The strongest responses analyse how Shakespeare uses language and structure to present conflict, rather than simply describing the conflicts that occur. Focus on specific word choices and their effects.

Key quotes
Act I, Scene i
Act III, Scene i
Act V, Scene iii
Question 2 of 4

Explore how Shakespeare uses the character of Juliet to challenge the expectations of her society.

IGCSE Paper 2 / IB Paper 2 style
Planning points
  1. 1.Juliet's transformation from obedient daughter ("I'll look to like, if looking liking move") to independent agent
  2. 2.Her defiance of patriarchal authority in Act III, Scene v
  3. 3.Her intellectual and emotional superiority to Romeo: she is more analytical, more self-aware
  4. 4.The balcony scene as philosophical challenge to the naming/identity system
  5. 5.Her death as both defeat (society kills her) and victory (she dies on her own terms)
Model paragraph

Shakespeare uses Juliet to challenge Elizabethan expectations of female obedience, most powerfully in the balcony scene where she asks, "What's in a name?
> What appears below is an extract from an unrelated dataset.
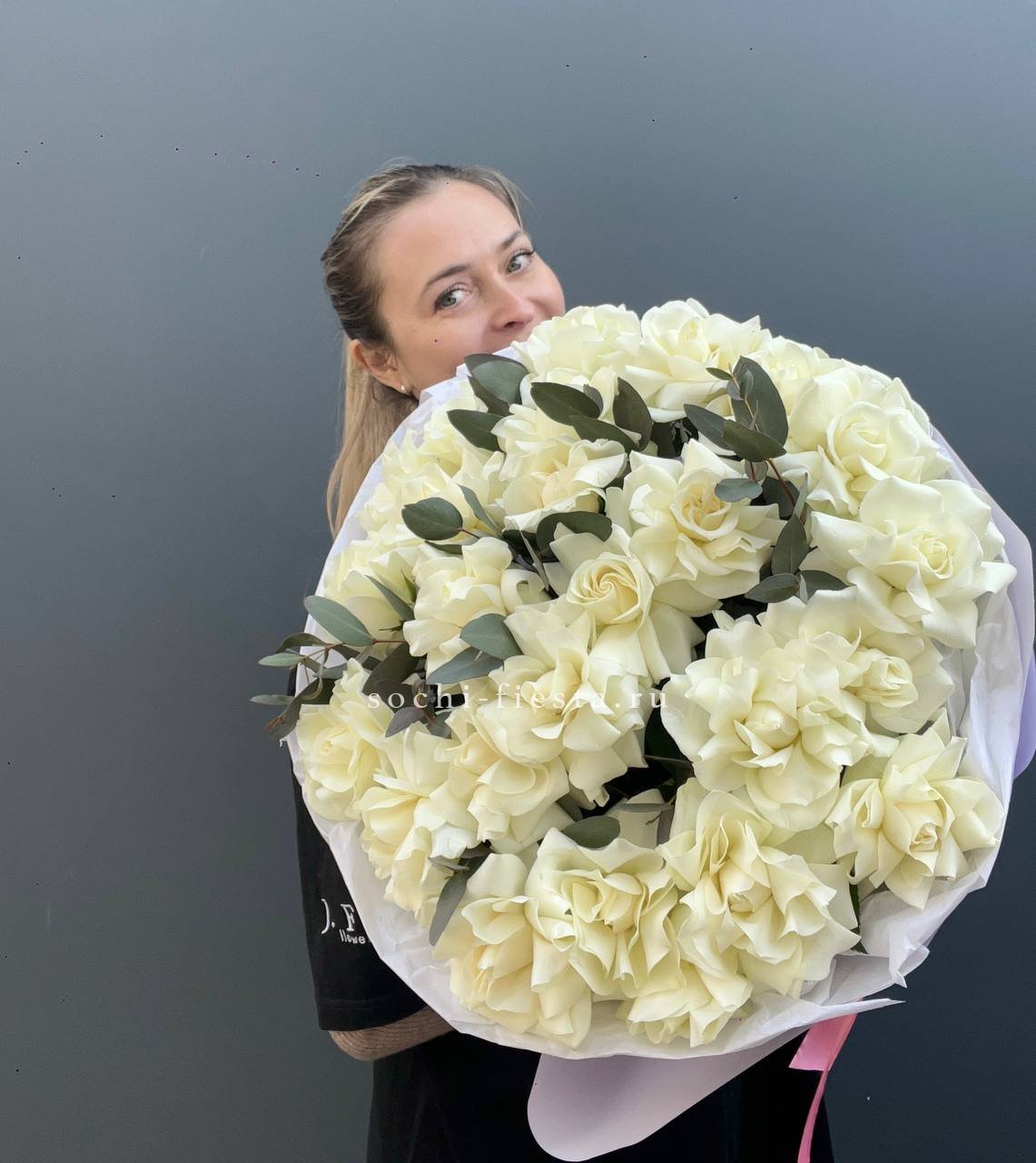 Двадцать пять вывернутых бутонов формируют объемную композицию с выразительным присутствием. Белые лепестки и зелень эвкалипта создают ощущение простора и легкости.

That which we call a rose / By any other name would smell as sweet." This rhetorical question directly attacks the feudal system that defines her world: the idea that a person's identity is determined by their family name rather than their individual character. The rose metaphor argues for essence over label, substance over social category. However, Shakespeare complicates Juliet's position by showing that her philosophy, however compelling, cannot survive in the world she inhabits. Verona punishes those who reject its categories, and Juliet's idealism ultimately costs her life. The tragedy lies not in Juliet being wrong but in her being right in a world that cannot accommodate her insight.

Examiner tip

Avoid describing Juliet as simply "brave" or "rebellious." The best responses show how her challenge to society is expressed through Shakespeare's specific language choices: metaphor, rhetorical question, and the structure of her speeches.

Key quotes
Act II, Scene ii
Act I, Scene v
Act III, Scene v
Question 3 of 4

How far do you agree that Romeo and Juliet are responsible for their own deaths?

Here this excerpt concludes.